Greatest hits album by Hank Williams Jr.
- Released: 1982
- Genre: Outlaw country; country;
- Length: 33:10
- Label: Elektra/Curb

Hank Williams Jr. chronology
| High Notes (1982) | Hank Williams Jr.'s Greatest Hits (1982) | Strong Stuff (1983) |

= Hank Williams Jr.'s Greatest Hits =

Hank Williams Jr.'s Greatest Hits is a compilation album by American musician Hank Williams Jr. The album features ten tracks, nine of which are singles originally released from the studio albums Family Tradition, Whiskey Bent and Hell Bound, Habits Old and New, Rowdy and The Pressure Is On. The only original single from the album was "The American Dream", which peaked at number 5 on the Billboard Hot Country Singles & Tracks chart.

The album was released by Elektra/Curb Records in 1982 and reached number 4 on the Billboard Top Country Albums chart in January 1983. The album has been Williams' most commercially successful album to date, having been certified 5× Multi-Platinum by the RIAA by 2003. It has sold 3,410,700 copies in the US as of April 2017 in the SoundScan era when sales figure started to be tracked in 1991.

Professional ratings
Review scores
| Source | Rating |
| Allmusic | Star |

==Track listing==
All tracks composed by Hank Williams Jr. except where indicated.
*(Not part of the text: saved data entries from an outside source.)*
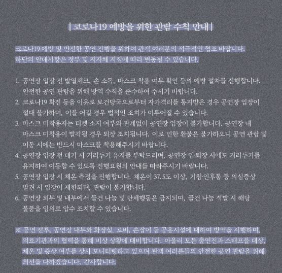 - 공연 영상, 사진, 녹음, 중계 등의 저작권 침해 행위를 금지하고 발견 시 강제 퇴장될 수 있습니다.
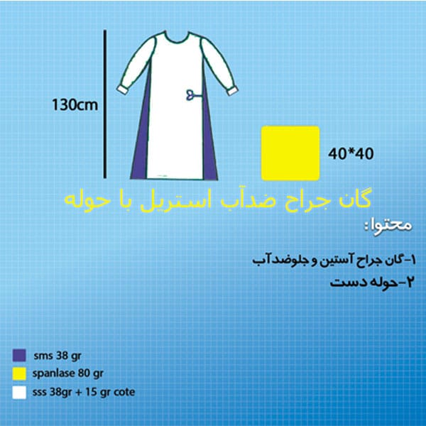 نوع پارچه: 2 لایه اسپان باند لمینت شده با یک لایه فیلم تنفسی از جلو و آستین ها،پشت گان اسپان باند 40 گرم
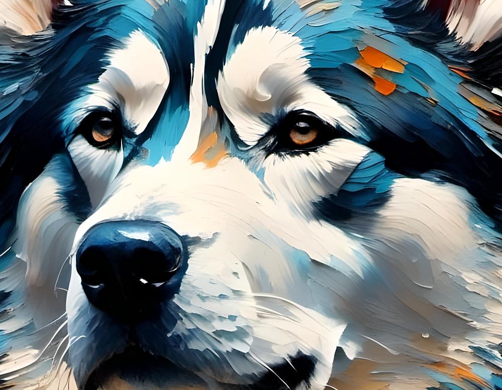 A vibrantly colored digitally stylized portrait of a Husky dog is presented, with bold brush strokes and a burst of orange and blue hues. The Husky's piercing blue eyes and thick fur are depicted with great detail, capturing the essence of the breed's striking appearance.

| No. | Title | Writer(s) | Length |
|---|---|---|---|
| 1. | "Family Tradition" |  | 4:02 |
| 2. | "Whiskey Bent and Hell Bound" |  | 3:08 |
| 3. | "Women I've Never Had" |  | 2:51 |
| 4. | "Old Habits" |  | 3:02 |
| 5. | "Kaw-Liga" | Fred Rose, Hank Williams | 4:23 |
| 6. | "Dixie on My Mind" |  | 2:39 |
| 7. | "Texas Women" |  | 2:26 |
| 8. | "The American Dream" |  | 2:15 |
| 9. | "A Country Boy Can Survive" |  | 4:15 |
| 10. | "All My Rowdy Friends (Have Settled Down)" |  | 3:54 |

==Chart performance==

| Chart (1982) | Peak position |
|---|---|
| US Billboard 200 | 107 |
| US Top Country Albums (Billboard) | 4 |

==Certifications==

| Region | Certification | Certified units/sales |
| United States (RIAA) | 5× Platinum | 5,000,000^{^} |
^{^} Shipments figures based on certification alone.